I'm curious as to which version of RM Studio you are using. 8.1 and below has the old versions of FP growth and frequent item sets. You might have to update to 8.2 to get a performance bump.
Hi @JeffChowaniec,
I'm using RapidMiner 8.2.001
I tried running your process and I found that the web crawl runs for 25+ mins and I wasn't able to finish the process because I need my machine for some other tasks. I have a 32gb machine and I could see it getting taxed pretty hard at some points. Have you tried it with a data set that is a fraction of what you are trying to query? The idea is we want to make sure that even a small data set in this case will run and not take up the available memory before we dedicate a 1 hr+ run time to this.

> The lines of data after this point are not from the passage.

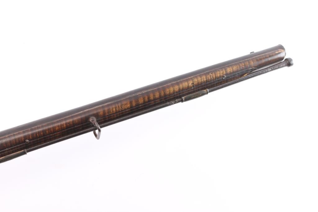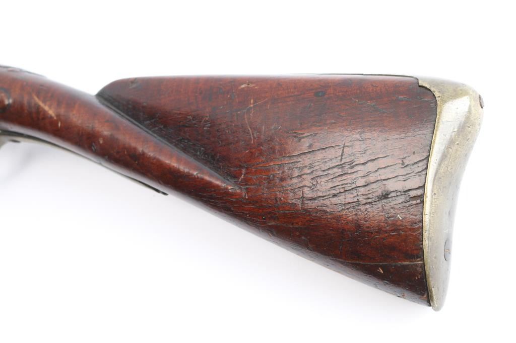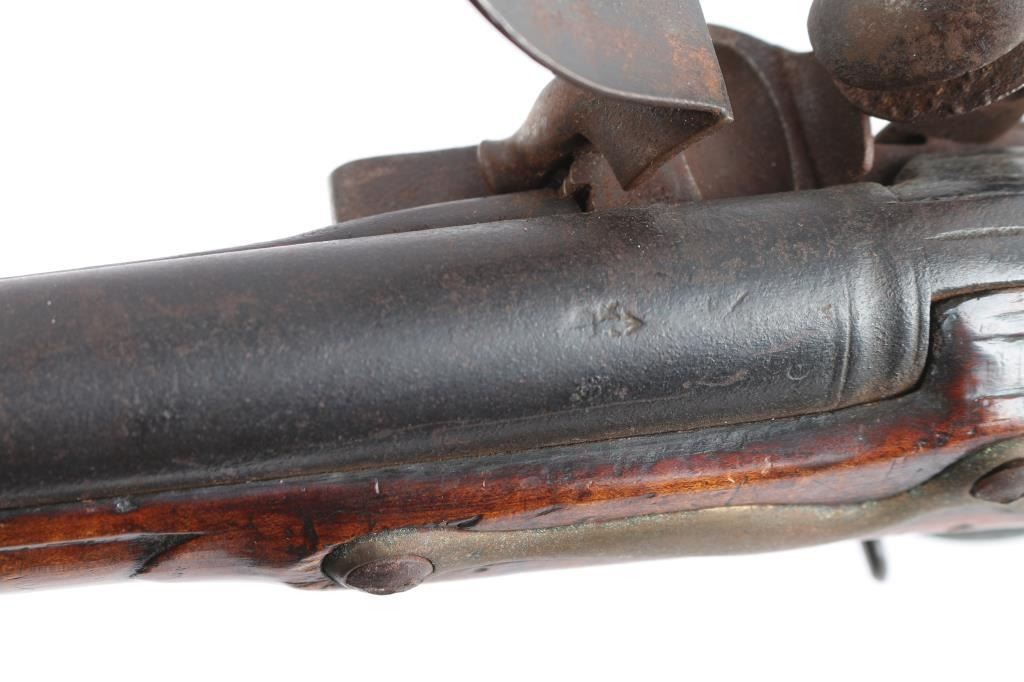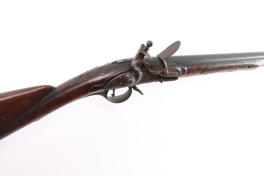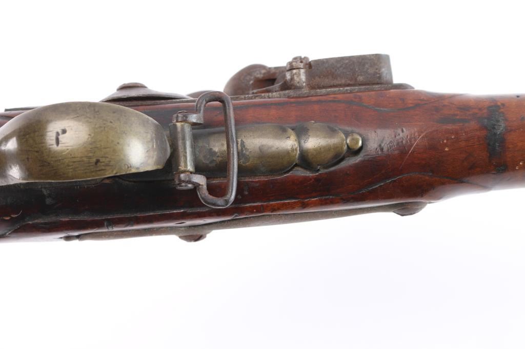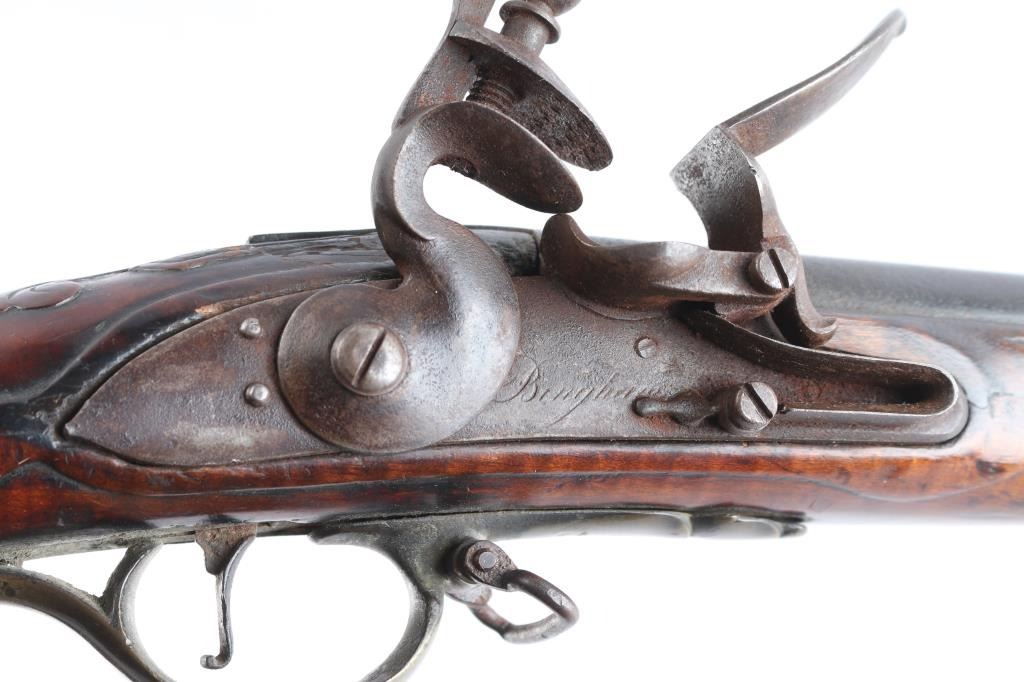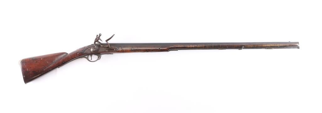 American stocked and raised, with lock, signed Bingham in script. Possibly Henry Bingham who worked in Philadelphia area and assembled committee of safety, Flintlocks circa 1775. The musket measures nearly 53" overall with 37" buttisa proofed bbl of approximately 69 cal smooth bore. A somewhat crude forged ramrod that matches gun's patina included. The bbl shows GR with crown and broad head proofs with initial "G" (1st letter illegible and light) at the left side of the breach. Brass military style mounts with revolutionary war era "S" side plate. Raised carved around the tang in a scroll motiff with good quality molding around the sideplate and around the lock and forend. The wood is distinctly American with "fiddleback" striping. The stock has had the forward 24 1/2" of the forend professionally restored from a joint at the rear thimble just ahead of the carving (good work). The rear portion of the stock is good with minor cracks, losses and aging. Sling swivels retained. The lock shows a dark brown patina matching to the barrel and original Flintlock condition with correct small parts (re-hammer, top-jaw, frizzen, spring and screws). A very attractive revolutionary war era long arm with rare raised carving.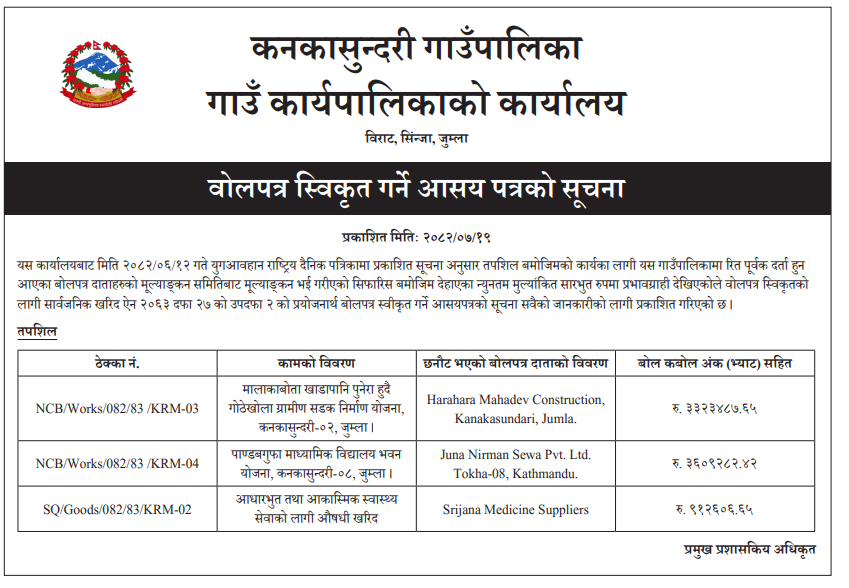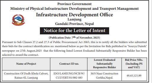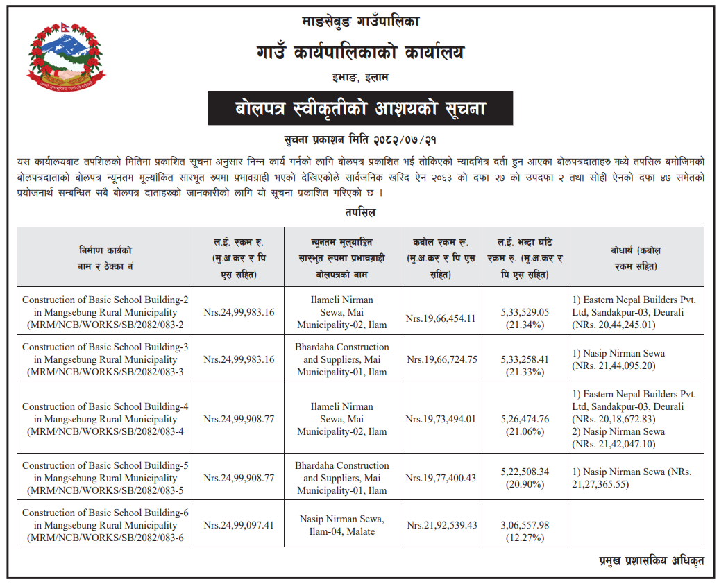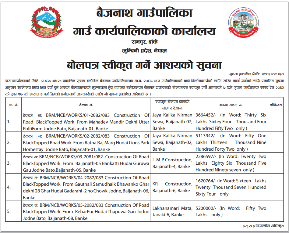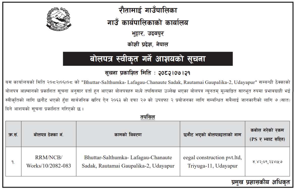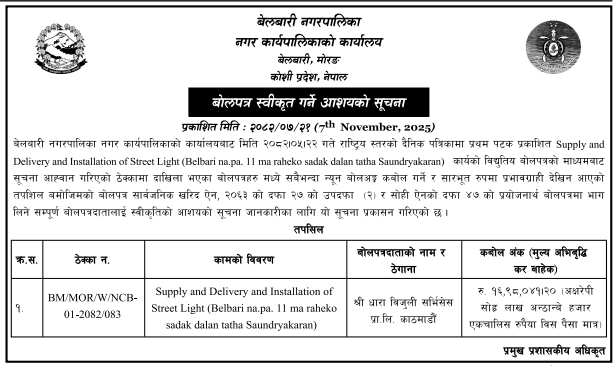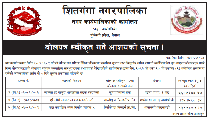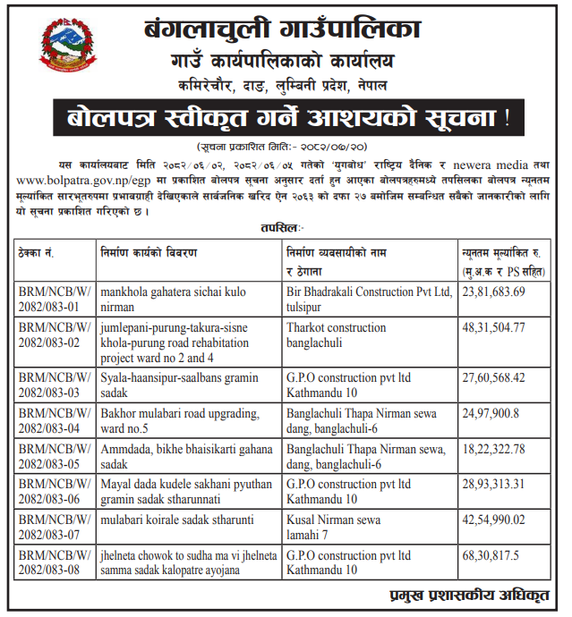 बोलपत्र स्विकृत ; Bid Award (Construction only) 07/11/2025 (Friday)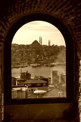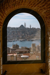 Suleymaniye Mosque and cityscape of Istanbul view from a window of Galata Tower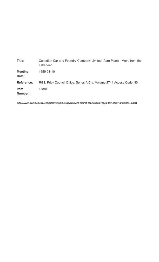 Canadian Car and Foundry Company Limited (Avro Plant) - Move from the LakeheadGeneral Notes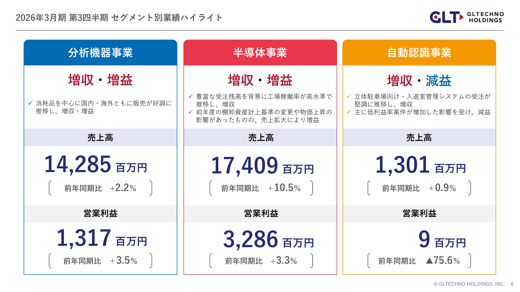 2026年3月期 第3四半期 セグメント別業績ハイライト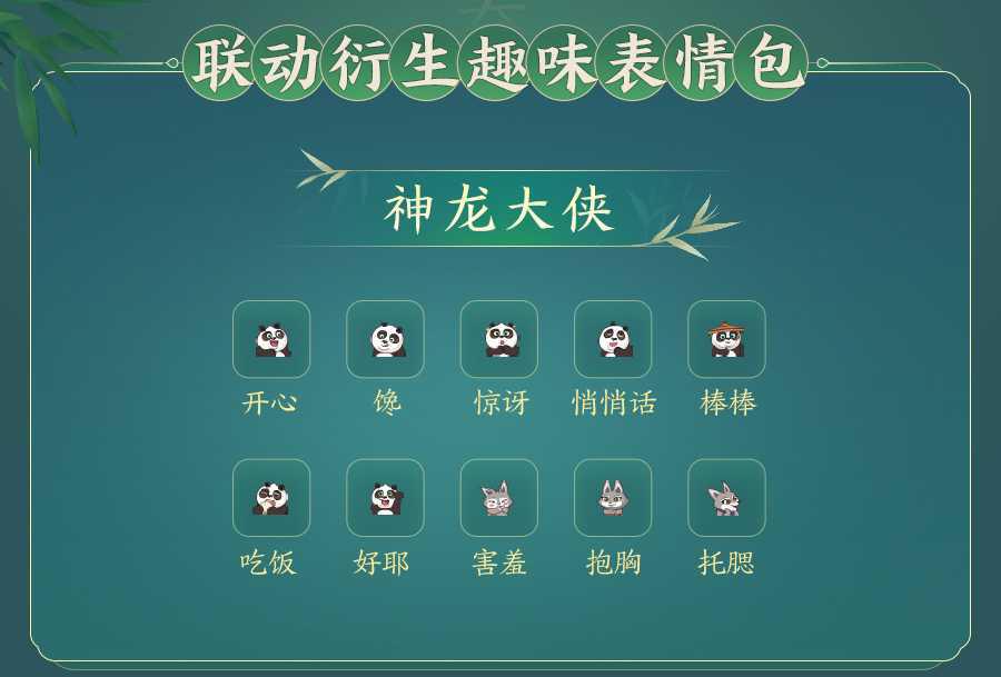 联动衍生趣味表情包:3月25日20:10至4月29日7:00限时上架,每套售价1,800通宝,不可使用折扣券。

I haven't tried to crawl less pages because once I crawled stored it in the repository. This file is to huge to upload it here. Instead I here is a repository file after the Numerical to Binominal Operator as input data for FP-growth.
Hi,
I think I've found my problem with the memory. I had to cut the FP-Growth parameter max items per itemset from 0 to 2. Now I struggle with filling the ExampleSet from the XML file "Writing Association Rules to Exampleset or file". In this example Data import wizard fullfills in Step 4 automaticly the column current value. That doesn't happens in my approach and I don't know why.
Hi,
it's me again.
I'm trying to sort out how it might be possible add the Item names in @bhupendra_patil approach Writing-Association-Rules-to-Exampleset-or-file. The approach FP-Growth runs and I see all Columns more or less filed but if I'm using instead the new FP-Growth the Item names are not shown. Has anyone an idea how this is is possible?
If I'm using this approach on my process, than I'll see all the numerical values but no item names.
best regards
Tobias